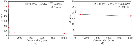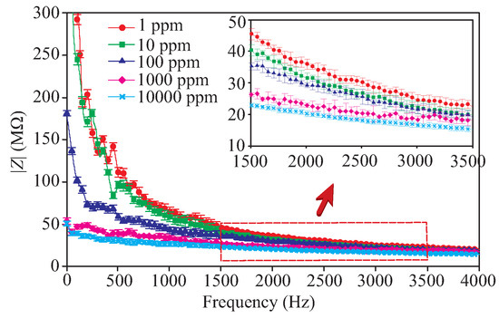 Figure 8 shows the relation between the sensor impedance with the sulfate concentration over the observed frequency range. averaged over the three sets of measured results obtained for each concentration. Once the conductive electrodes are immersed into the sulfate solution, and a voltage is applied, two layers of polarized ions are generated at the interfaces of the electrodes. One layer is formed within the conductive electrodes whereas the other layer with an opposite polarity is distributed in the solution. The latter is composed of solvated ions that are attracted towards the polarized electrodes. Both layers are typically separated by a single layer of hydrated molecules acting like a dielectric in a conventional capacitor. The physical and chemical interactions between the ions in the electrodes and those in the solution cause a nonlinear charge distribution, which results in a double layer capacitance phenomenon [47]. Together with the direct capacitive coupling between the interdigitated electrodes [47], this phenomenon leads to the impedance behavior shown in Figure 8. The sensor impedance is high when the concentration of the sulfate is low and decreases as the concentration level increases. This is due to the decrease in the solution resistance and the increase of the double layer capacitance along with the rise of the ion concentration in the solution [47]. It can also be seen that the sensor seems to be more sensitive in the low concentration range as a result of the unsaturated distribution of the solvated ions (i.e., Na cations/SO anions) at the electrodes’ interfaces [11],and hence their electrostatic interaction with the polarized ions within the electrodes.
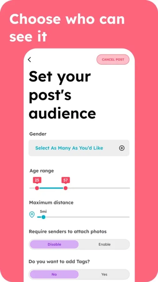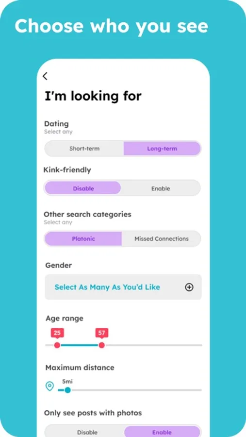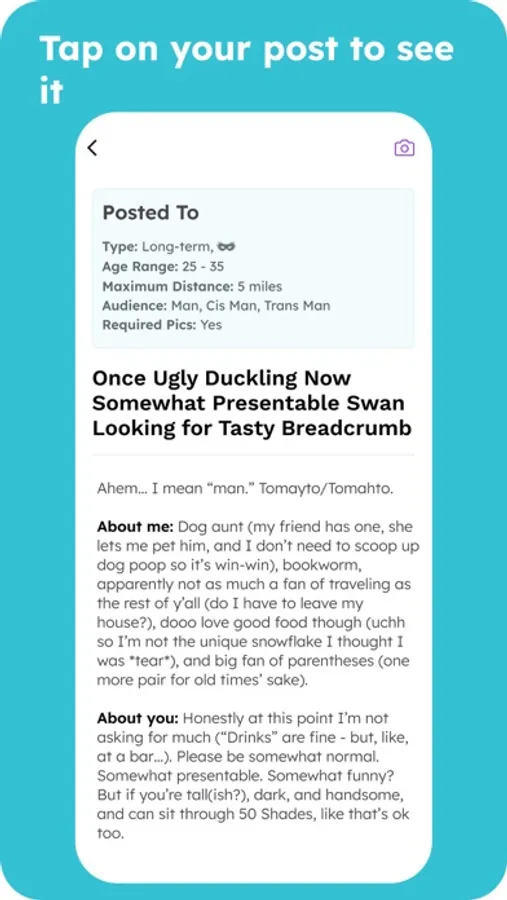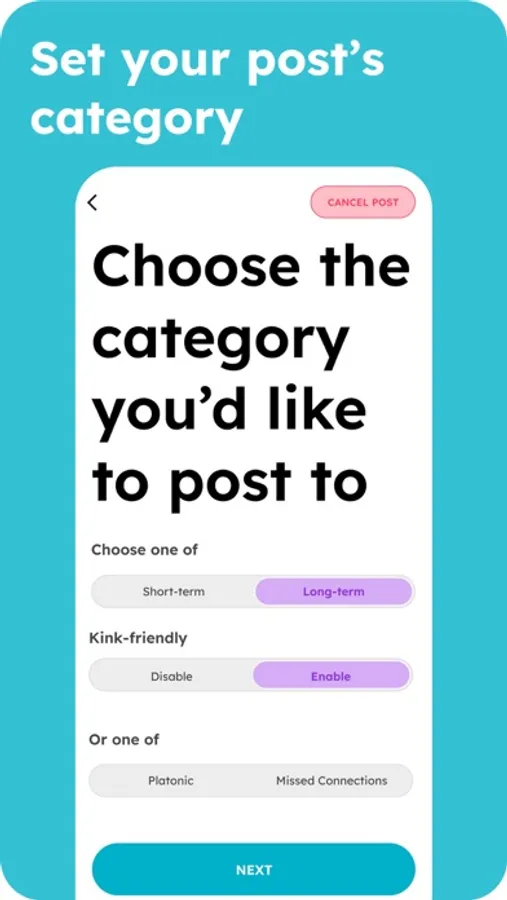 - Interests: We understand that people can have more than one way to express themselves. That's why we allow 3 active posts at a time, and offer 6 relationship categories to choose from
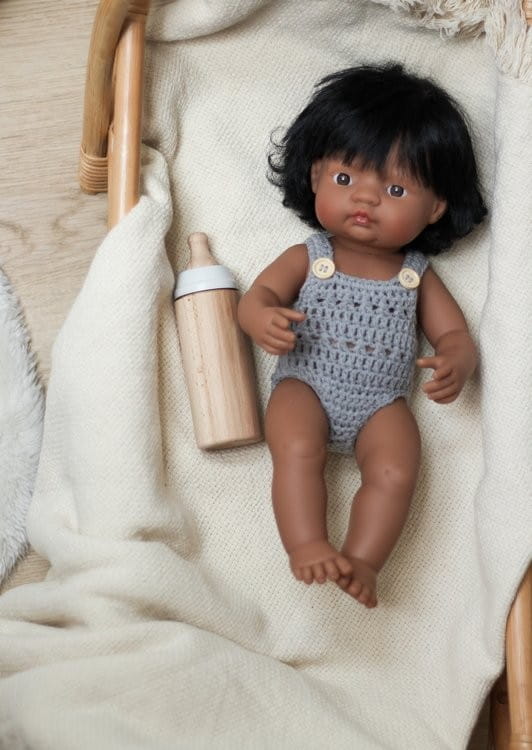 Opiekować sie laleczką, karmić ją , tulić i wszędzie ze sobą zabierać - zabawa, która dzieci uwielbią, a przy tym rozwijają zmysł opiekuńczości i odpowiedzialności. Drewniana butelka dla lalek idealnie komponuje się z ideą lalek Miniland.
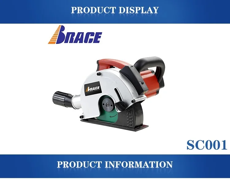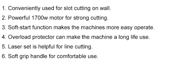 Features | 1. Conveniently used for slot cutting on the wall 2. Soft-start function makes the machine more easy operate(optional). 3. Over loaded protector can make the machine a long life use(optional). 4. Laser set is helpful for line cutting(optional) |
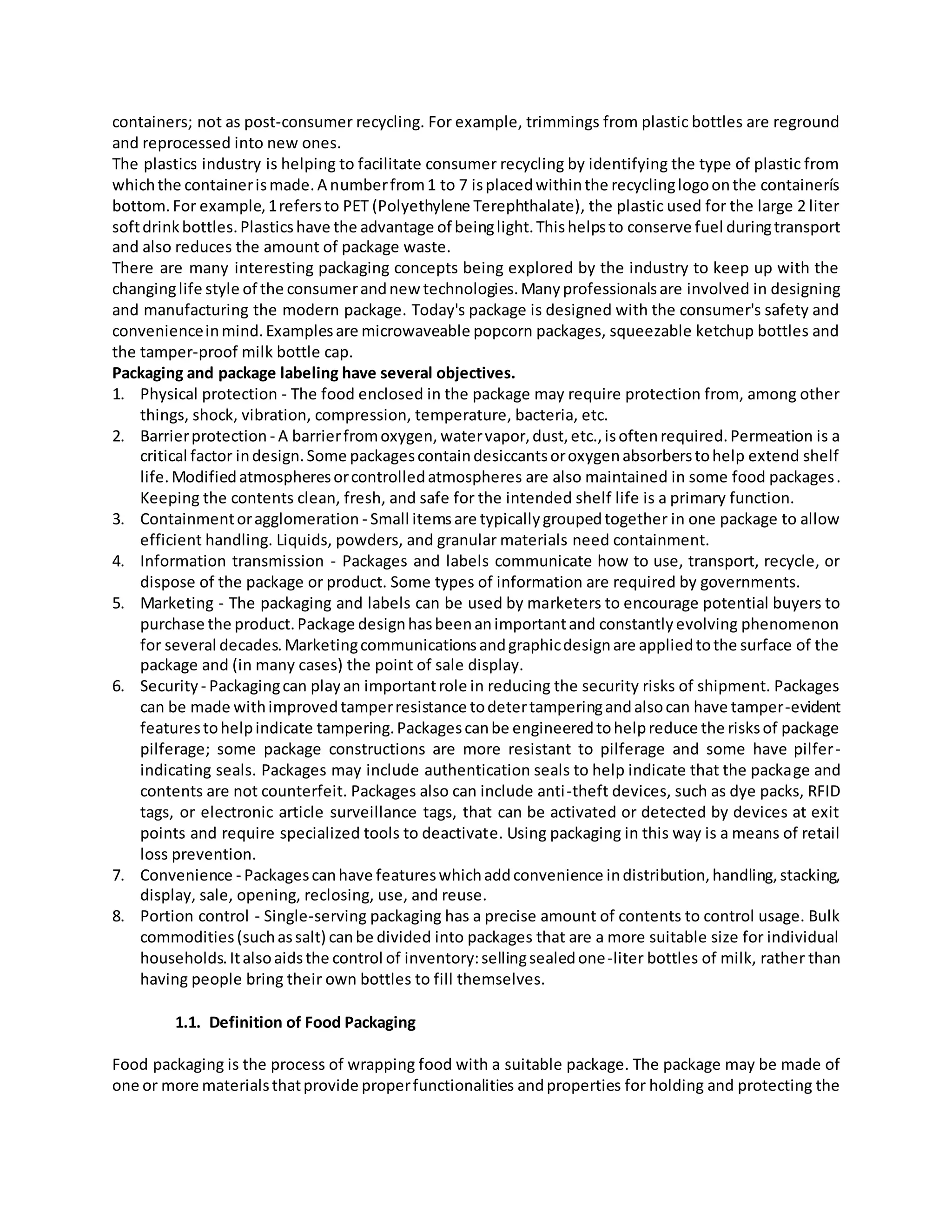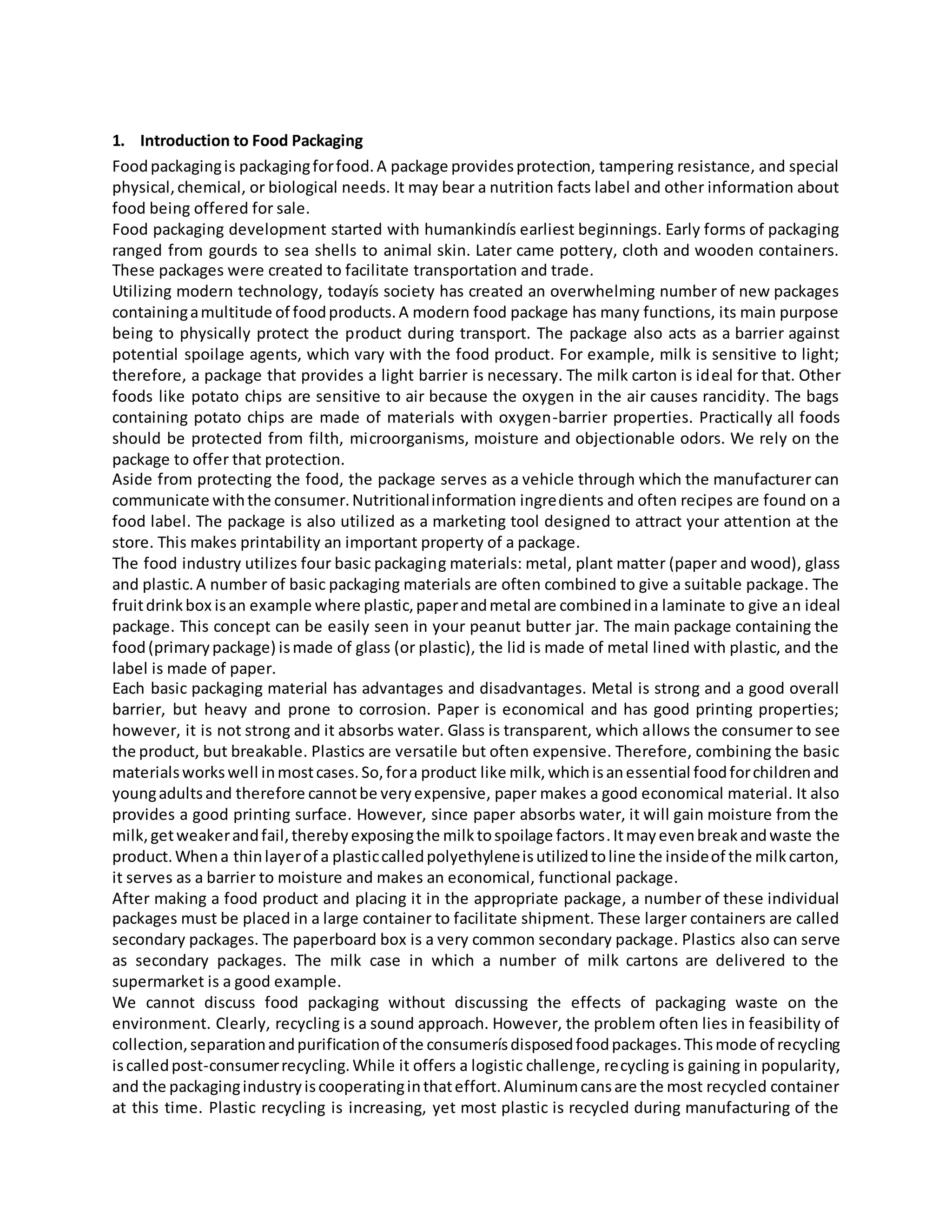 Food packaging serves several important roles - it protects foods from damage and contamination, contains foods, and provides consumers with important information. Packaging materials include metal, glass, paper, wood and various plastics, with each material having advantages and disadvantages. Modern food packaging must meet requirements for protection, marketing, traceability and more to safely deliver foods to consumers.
• • • • •
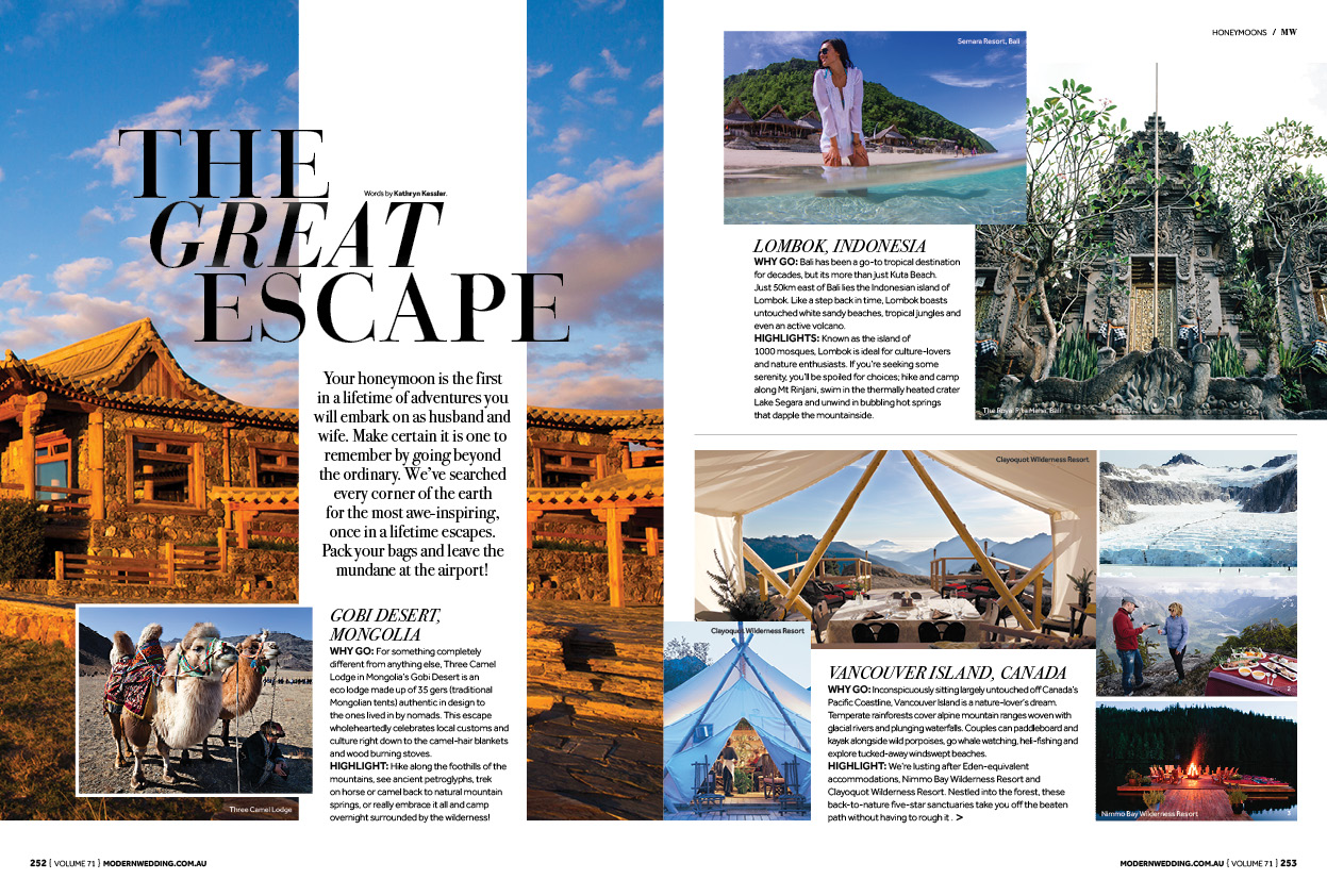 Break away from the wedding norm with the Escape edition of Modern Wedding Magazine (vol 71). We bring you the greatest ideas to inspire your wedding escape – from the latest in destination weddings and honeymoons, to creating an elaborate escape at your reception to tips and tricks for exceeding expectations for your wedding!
• • • • •
§ Task prompt
The lines above from the line with "Features | 1." through the line with "Food packaging serves" are to be given again word for word, with no pictures among them.

§ The completed task
 Features | 1. Conveniently used for slot cutting on the wall 2. Soft-start function makes the machine more easy operate(optional). 3. Over loaded protector can make the machine a long life use(optional). 4. Laser set is helpful for line cutting(optional) |
 Food packaging serves several important roles - it protects foods from damage and contamination, contains foods, and provides consumers with important information. Packaging materials include metal, glass, paper, wood and various plastics, with each material having advantages and disadvantages. Modern food packaging must meet requirements for protection, marketing, traceability and more to safely deliver foods to consumers.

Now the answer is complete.